** RECORDS FOR THIS TASK follows **

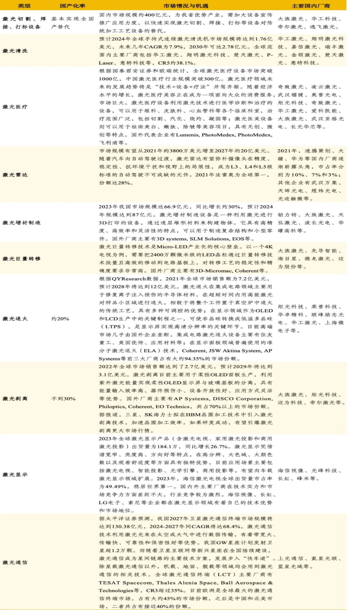 2023年我国激光设备市场规模910亿元(同比+5.6%),2024年预计达965亿元(同比+6%)。切割、焊接、打标为三大核心应用(占比约40%),新兴领域如新能源汽车、半导体、光伏等需求快速增长。
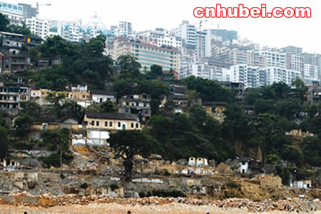 截斷巫山云雨,高峽出平湖。再過兩天,承載著億萬中國人夢想的三峽大壩135米蓄水就將開始,長江三峽一些人們熟悉的景觀將從此沉睡在煙波浩淼的高峽平湖之中。(左圖—)豐都老城廢墟上,一名婦女正逗孩子玩。遠處是高樓林立的新縣城。
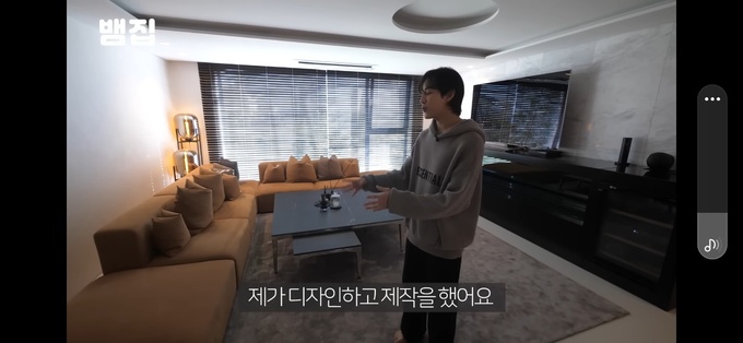 뱀뱀은 해당 영상에서 넓은 거실과 고급스러워 보이는 가구와 오브제가 배치된 집 곳곳을 소개했다. 뱀뱀은 거실을 소개하면서 큰 소파가 자리한 것에 대해 “친구들과 편하게 앉을 수 있게 제가 디자인하고 제작했다”고 설명했다.
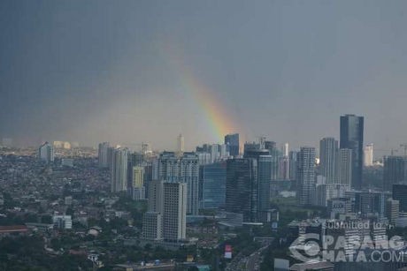 Alex L Setiawan menjepret pelangi ini dan mengirimkannya ke pasangmata.com. Terlihat pelangi ini menyembul di antara gedung-gedung perkantoran yang menyesaki kawasan Jl Sudirman.
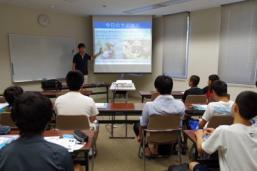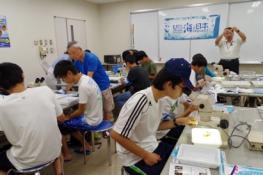 最後は、実習室でのヤドカリ実験へ。講師は北海道大学の和田哲教授が務めました。まずは奥野先生からヤドカリを貝殻から追い出す方法の説明がありました。
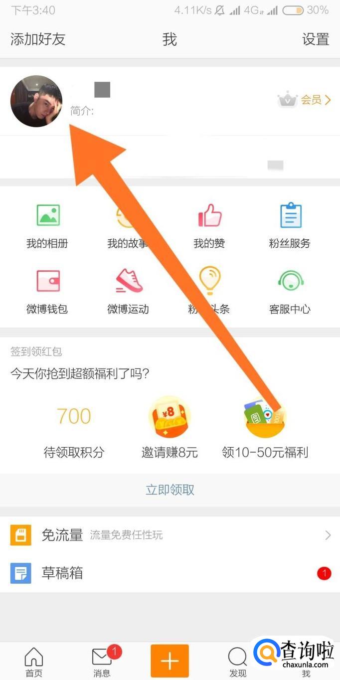 首先进入手机微博页面“我”,点击左上角的微博头像。
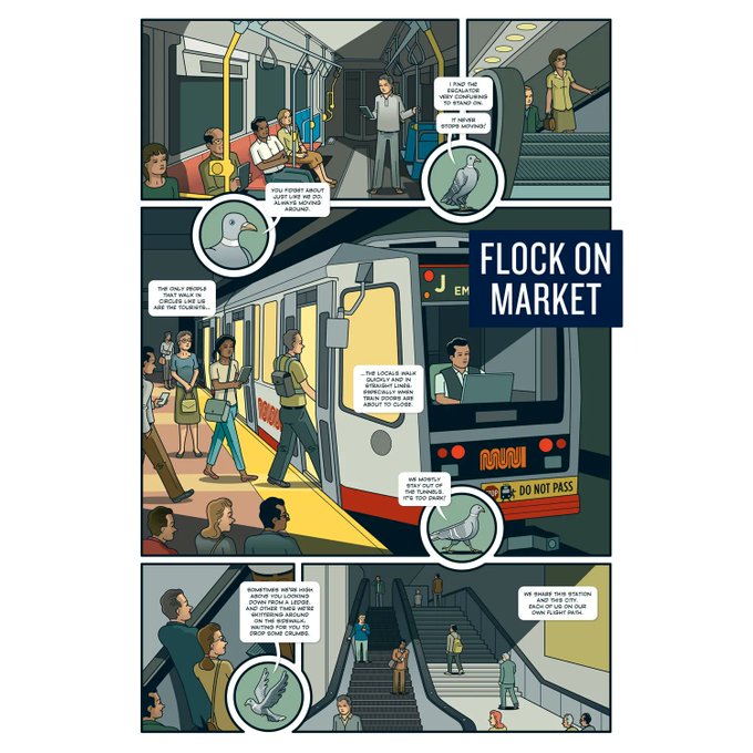 Peter & Maria Hoey @coinopbooks were commissioned by @SFAC and @SFMTA_Muni to create 6 large-scale #comics to be installed at bus kiosks along Market Street. The comics tell stories of the everyday lives of people — and one pigeon — at the Market Street crossroads.
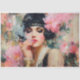 Évoquez l'élégance sensuelle des Années Folles avec ce papier de découpage en tissu featuring une flapper glamour parée de perles, d'accents dorés et d'une pièce de tête florale audacieuse. Avec un porte-cigarette à la main et un halo rêveur de fleurs peintes à l'arrière-plan, ce design inspiré de l'époque est parfait pour la décoration de bar haut de gamme, les événements sur le thème de l'ère du jazz, les artisanats de speakeasy et les projets DIY glamour féminins.
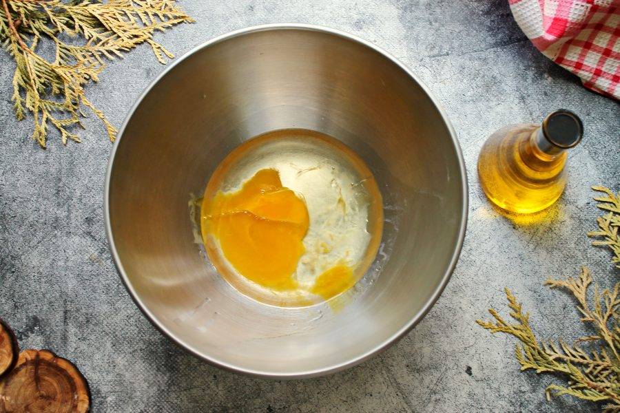 В миску разбейте яйцо, перемешайте и отмерьте нужное количество. Влейте растительное масло.
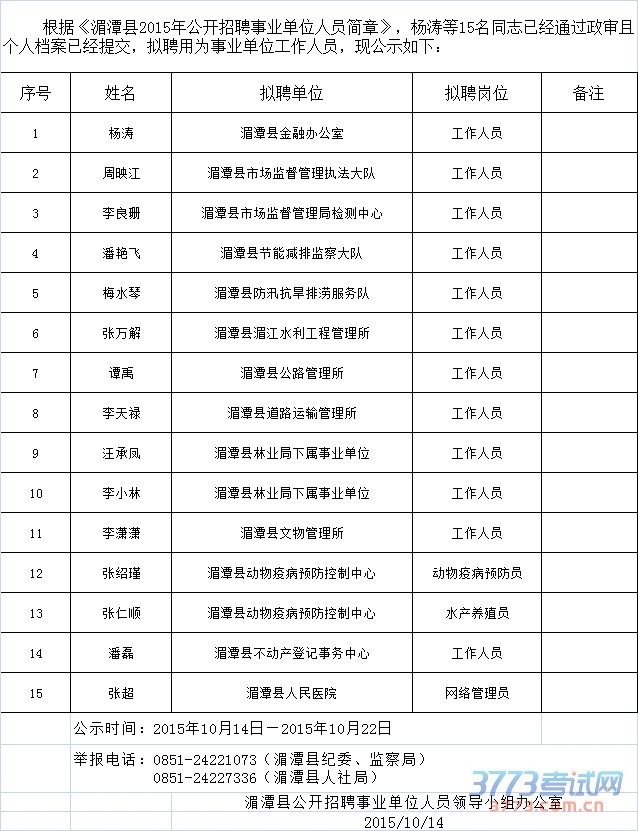 [图文]贵州湄潭县2015事业单位人员拟聘用人员公示(第二批)

** End of RECORDS FOR THIS TASK **

## [TASK REQUIREMENTS]
Write out exactly the lines above, from the very first through the line containing "Peter & Maria", both kept, with the pictures removed.

## [EXERCISE RESULT]
 2023年我国激光设备市场规模910亿元(同比+5.6%),2024年预计达965亿元(同比+6%)。切割、焊接、打标为三大核心应用(占比约40%),新兴领域如新能源汽车、半导体、光伏等需求快速增长。
 截斷巫山云雨,高峽出平湖。再過兩天,承載著億萬中國人夢想的三峽大壩135米蓄水就將開始,長江三峽一些人們熟悉的景觀將從此沉睡在煙波浩淼的高峽平湖之中。(左圖—)豐都老城廢墟上,一名婦女正逗孩子玩。遠處是高樓林立的新縣城。
 뱀뱀은 해당 영상에서 넓은 거실과 고급스러워 보이는 가구와 오브제가 배치된 집 곳곳을 소개했다. 뱀뱀은 거실을 소개하면서 큰 소파가 자리한 것에 대해 “친구들과 편하게 앉을 수 있게 제가 디자인하고 제작했다”고 설명했다.
 Alex L Setiawan menjepret pelangi ini dan mengirimkannya ke pasangmata.com. Terlihat pelangi ini menyembul di antara gedung-gedung perkantoran yang menyesaki kawasan Jl Sudirman.
 最後は、実習室でのヤドカリ実験へ。講師は北海道大学の和田哲教授が務めました。まずは奥野先生からヤドカリを貝殻から追い出す方法の説明がありました。
 首先进入手机微博页面“我”,点击左上角的微博头像。
 Peter & Maria Hoey @coinopbooks were commissioned by @SFAC and @SFMTA_Muni to create 6 large-scale #comics to be installed at bus kiosks along Market Street. The comics tell stories of the everyday lives of people — and one pigeon — at the Market Street crossroads.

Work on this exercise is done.